Anchor cable and ACC structure shear test results.

ACC shear strength exploration

In the standard shear test, the interaction between structure and rock mass is shown in Fig. 10. The composite shear strength \(\tau\) at the interface comprises three distinct elements²³. Shear strength \({\tau }_{1}\) is provided by the nature of the rock joint plane itself in the normal direction, shear strength \({\tau }_{2}\) provided by the axial force of the support structure, and the shear strength provided by the shear force \({\tau }_{3}\), the relationship can be expressed as:

$$\tau = \tau_{1} + \tau_{2} + \tau_{3} ,$$

(3)

Figure 10

Schematic diagram of structure-rock interaction.

As a result of the spaces between the structural surfaces in this experiment, eliminating the influence of the inherent characteristics of the rock joint plane and the friction between joints on the shear strength of the structural surface. Therefore, the shear strength at the nodal plane of the ACC structure:

$$\tau = \tau_{2} + \tau_{3} + \tau_{c} ,$$

(4)

$$\tau_{2} = \frac{{N_{o} \sin \alpha }}{{A_{B} }},$$

(5)

$$\tau_{3} = \frac{{Q_{o} \cos \alpha }}{{A_{B} }},$$

(6)

$$\tau_{c} = \frac{{F_{s} - N_{o} \sin \alpha - Q_{o} \cos \alpha }}{{A_{c} }},$$

(7)

\({N}_{o}\) is the tensile force applied to the anchor cable at breakage, \(kN\); \({Q}_{o}\) is the shear force applied to the anchor cable at breakage, \(kN\); \({A}_{B}\) is the cross-sectional area of the anchor cable, \({mm}^{2}\); \({A}_{c}\) is the cross-sectional area of the C-shaped tube, \({mm}^{2}\); \({F}_{s}\) is the shear load applied when the ACC structure is broken,\(kN\); \({\tau }_{c}\) is the shear strength provided by the C-shaped tube.

Analysis of the experimental data for the shear and axial load curves of the ACC structure reveals a positive correlation between axial load and \({\tau }_{2}\). Meanwhile, the relationship between \({\tau }_{c}\) and \({\tau }_{3}\) and their links to the individual components remains elusive based on current testing and warrants further investigation via numerical simulation.

Numerical simulation analysis

Numerical model creation

The ABAQUS 3D numerical simulation software was utilized to model the progression from preload application through shear load application to the ultimate failure of the ACC structure and concrete block. To more effectively address the contact issues among individual structures and enhance convergence, the "explicit dynamics" algorithm within the software was employed to ascertain the mechanical behaviors of the ACC structure under shear loading. The model was established using a 1:1 scale, matching the dimensions of the laboratory test specimen. The geometric parameters for the concrete block have been set at 300 mm × 300 mm × 300 mm.

The mesh elements used for the concrete, anchor cables, and C-shaped pipes in the numerical model are all C3D8R type. The C3D8R element is an octahedral element with excellent deformability and stress analysis capabilities. It also possesses good convergence properties and stable computational performance, allowing for more accurate simulation of the deformation of complex structures and providing reliable analysis results. For the contact between different structures in the finite element model, the "general contact" formulation was chosen. To prevent model penetration, the "hard contact" option was selected for the normal behavior. The "penalty" attribute was chosen for the tangential behavior, and different friction coefficients were assigned. The data defined in the damage model was obtained based on the stress-strain curve and the built-in ABAQUS user manual.
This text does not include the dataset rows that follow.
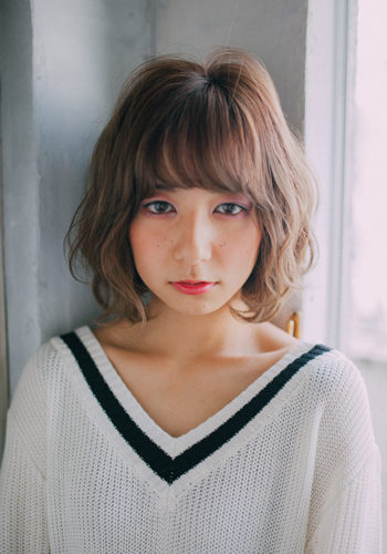 ボブにカットし少し空気感が出るように明るめのカラー、パーマでくしゅくしゅ揉みこむと可愛らしさ全開!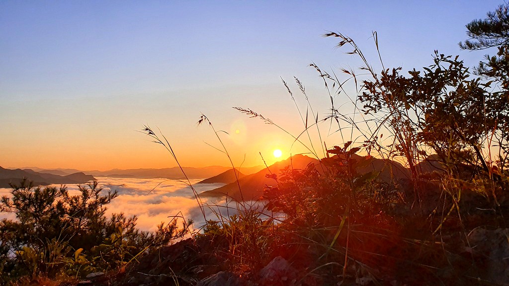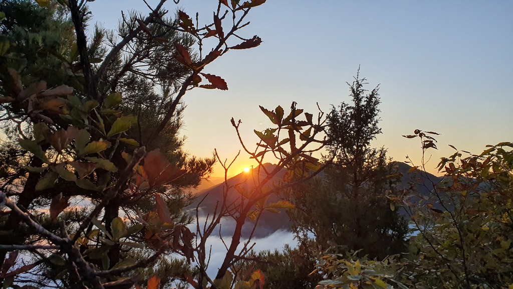 갈기산 왼쪽으로 태양이 인사한다.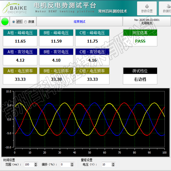 BK-TM900-Ⅱ 反電動(dòng)勢(shì)測(cè)試系統(tǒng),將被試電機(jī)拖動(dòng)至規(guī)定的轉(zhuǎn)速,由反電動(dòng)勢(shì)測(cè)試系統(tǒng)采集反電動(dòng)勢(shì)的波形,精準(zhǔn)測(cè)試反電動(dòng)勢(shì)的峰峰電壓、有效電壓、頻率、相位等參數(shù),從而驗(yàn)證設(shè)計(jì)產(chǎn)品是否滿足技術(shù)要求。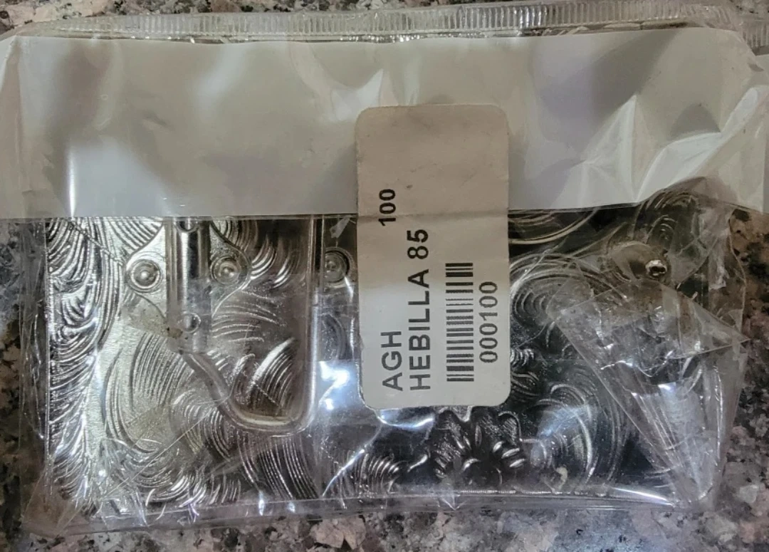Selling a beautiful AGH Hebilla belt buckle. It features a detailed design with a cross and a kneeling figure near a horse. The buckle is silver and gold and comes in its original packaging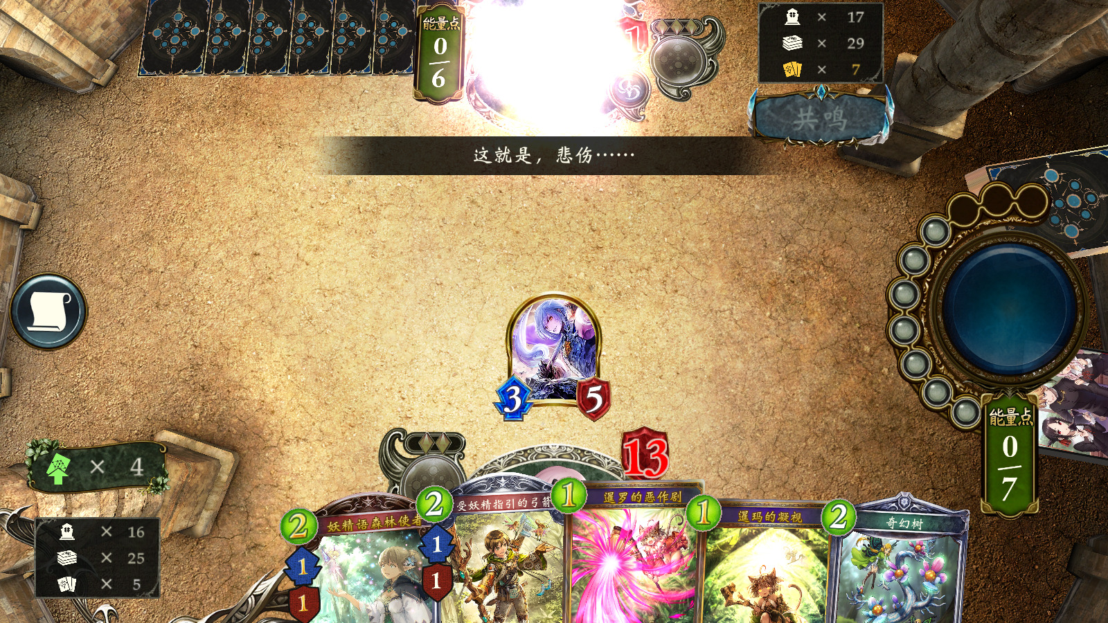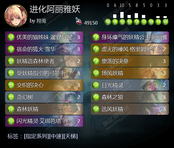 中期优先进化阿丽雅。如果第7回合以后才抽到阿丽雅,则要根据情况选择是否进化她。进化阿丽雅后,通过妖精和萤火解场、蹭血,并留意触发艾珥芭塔的主战者效果,并优先采用叫杀打法。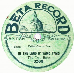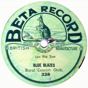 | Beta Records: These labels are over-stuck on Edison Bell Winner records, destined, rather obviously, for the Australian market. They carry the correct artiste credit. Winner 3266 was issued in January 1919, and the Beta used the same number. The others use the last three digits of the Winner catalogue number. ‘Blue Blazes’ was on Winner 3338 of September 1919, and The Versatile Three was on Winner 3360 in January 1920. It is rather likely that these were surplus ‘old stock’ Winners sold off to an entrepreneur who had the labels made. If so, Beta records may date from circa 1922. | ||||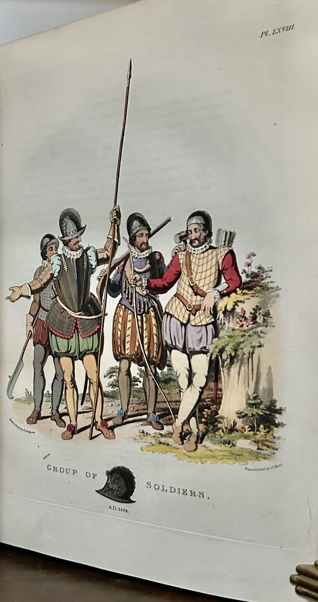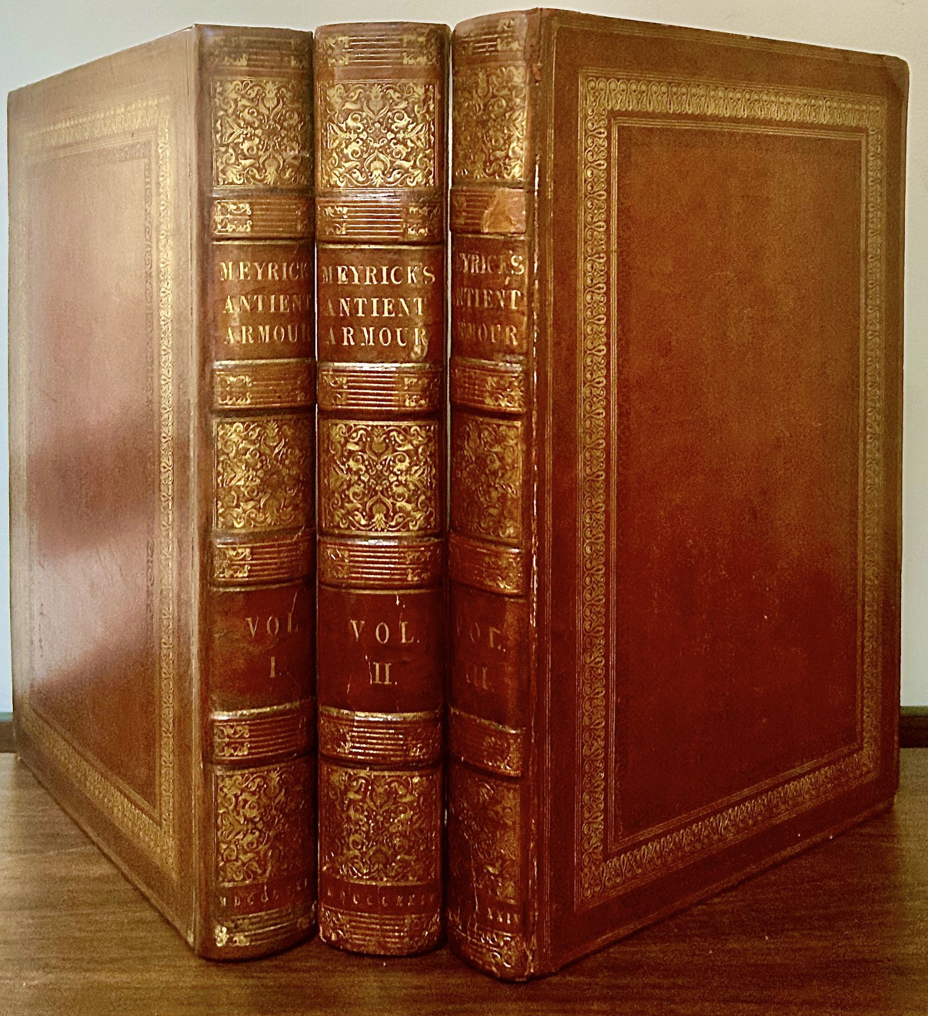 London: Robert Jennings, 1824. First edition. leather_bound. Full diced brown morocco. Aeg. Near fine. 3 Vols.. [2], 20, [2], lxxviii, [2], 206.; vi, 297, vi, 147, [1], [134] pages. 39 x 27.5 cm. 80 engraved plates, 70 are hand-colored embellished with gold or silver. and with historiated hand-colored initials heightened with gold for each chapter throughout. Extra engraved title pages. The book was illustrated in colour with Meyrick's own paintings, beautifully gilded, and solidified his reputation as an authority in the study of arms and armour. Meyrick practiced as an advocate in ecclesiastical and admiralty courts. A contemporary review of his book in the Edinburgh Review described the illustrations as "Plates as fine as the monuments of Westminster Abbey. Really and truly the work is admirably executed, and deserves every eulogy". Some have called this work, the greatest color plate book ever produced on the subject. Raised bands, spines elaborately decorated in gilt with cover arabesque panels in gilt and blind. Yellow endpapers. Vol. III spine at head with small loss. Plate offsetting to blank adjacent pages. All plates and text clean and crisp.
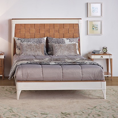 Модель примечательна высоким, рельефным изголовьем, выполненным из ценной древесины, рисунок которой удачно подчёркивает контрастная белая окантовка. Португальские дизайнеры вдохнули в классику новую энергию, которая послужит оберегом для ваших снов.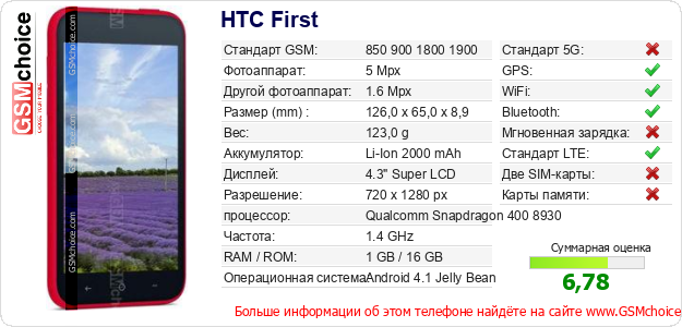 У Тебя есть свой сайт? Хочешь где-то разместить информацию о базовых данных мобильника HTC First ? Это запросто устроить. Достаточно скачать картинку или скопировать и разместить на соответствующем сайте нижерасположенный код:Размещение этого кода вызовет появление нижерасположенной картинки: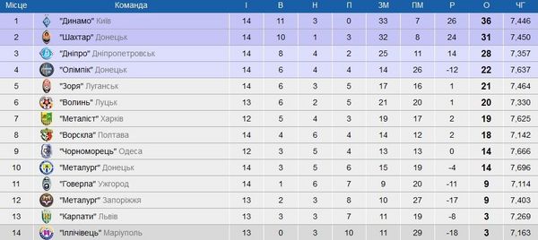 После 14-ти туров чемпионата Украины в премьер-лиге динамовцы под руководством Сергея Реброва набрали 36 очков. Отметим, что до победы над "Днепром" в 11-м туре нынешнего розыгрыша чемпионата "Динамо" не возглавляло турнирную таблицу с 7 апреля 2012 года. А "зимним" чемпионом в последний раз киевляне становились в 2011 году.

The anchor cable element adopts 20% of the diameter of the steel strand structure as the element size. The C-shaped tube elements adopt 10% of its actual length as the element size, and the concrete block elements adopt 4% of the actual length of the specimen as the element size¹⁶. Lastly, the software's internal grid quality evaluation tool is used to calibrate it. The final meshing of the model is shown in Fig. 11.

Figure 11

Numerical model.

Boundary condition settings for the model: The left and right concrete block models featured fully constrained supports on the faces at Y = 0, Y = 300, Z = 0, and Z = 300; The central concrete block has displacement constraints in the X and Z directions on the same four Y and Z planes mentioned previously. Displacement loading in the Y-direction simulated the loading mode of the test laboratory, with a displacement loading rate set at 2 mm/min, corresponding to the laboratory's standard rate.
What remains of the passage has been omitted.